• What is expected
Set down all of the data that follows word for word, without the images.

• Supplied data
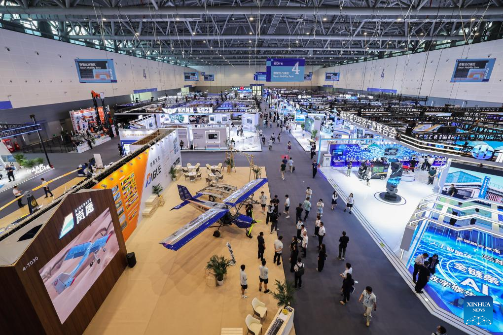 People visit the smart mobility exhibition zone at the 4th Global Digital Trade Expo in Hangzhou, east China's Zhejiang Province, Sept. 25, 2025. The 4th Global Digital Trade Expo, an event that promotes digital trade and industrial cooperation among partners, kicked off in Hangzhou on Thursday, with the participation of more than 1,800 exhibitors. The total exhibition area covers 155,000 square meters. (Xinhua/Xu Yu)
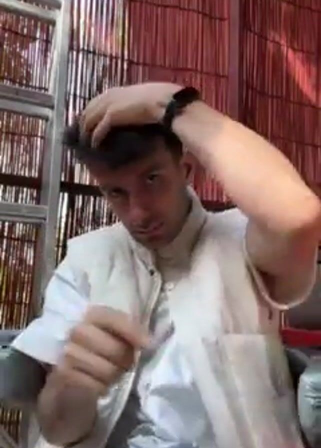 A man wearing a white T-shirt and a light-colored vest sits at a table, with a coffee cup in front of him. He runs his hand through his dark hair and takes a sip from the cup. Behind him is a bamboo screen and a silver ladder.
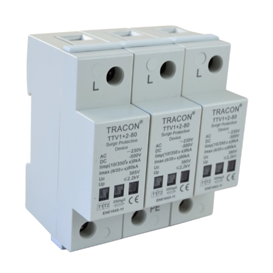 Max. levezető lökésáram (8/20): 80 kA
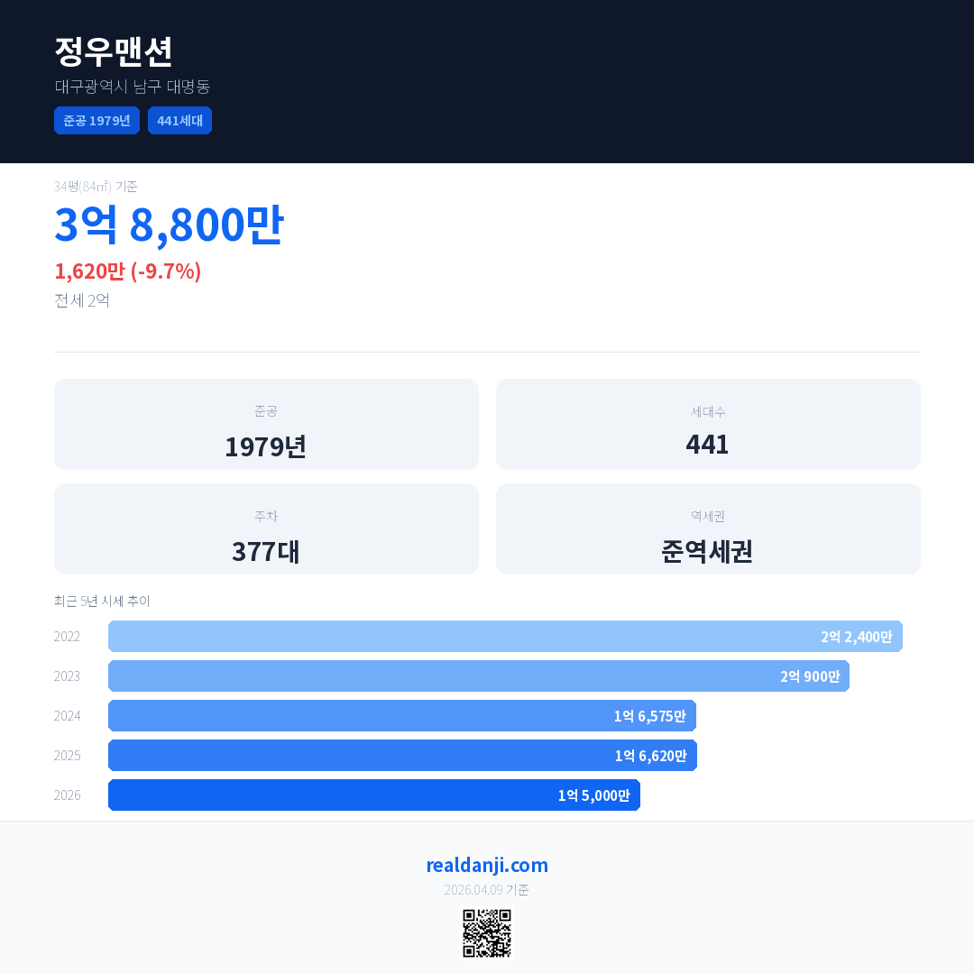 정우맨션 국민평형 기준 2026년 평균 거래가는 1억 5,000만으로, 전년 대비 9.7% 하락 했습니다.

• Solution
 People visit the smart mobility exhibition zone at the 4th Global Digital Trade Expo in Hangzhou, east China's Zhejiang Province, Sept. 25, 2025. The 4th Global Digital Trade Expo, an event that promotes digital trade and industrial cooperation among partners, kicked off in Hangzhou on Thursday, with the participation of more than 1,800 exhibitors. The total exhibition area covers 155,000 square meters. (Xinhua/Xu Yu)
 A man wearing a white T-shirt and a light-colored vest sits at a table, with a coffee cup in front of him. He runs his hand through his dark hair and takes a sip from the cup. Behind him is a bamboo screen and a silver ladder.
 Max. levezető lökésáram (8/20): 80 kA
 정우맨션 국민평형 기준 2026년 평균 거래가는 1억 5,000만으로, 전년 대비 9.7% 하락 했습니다.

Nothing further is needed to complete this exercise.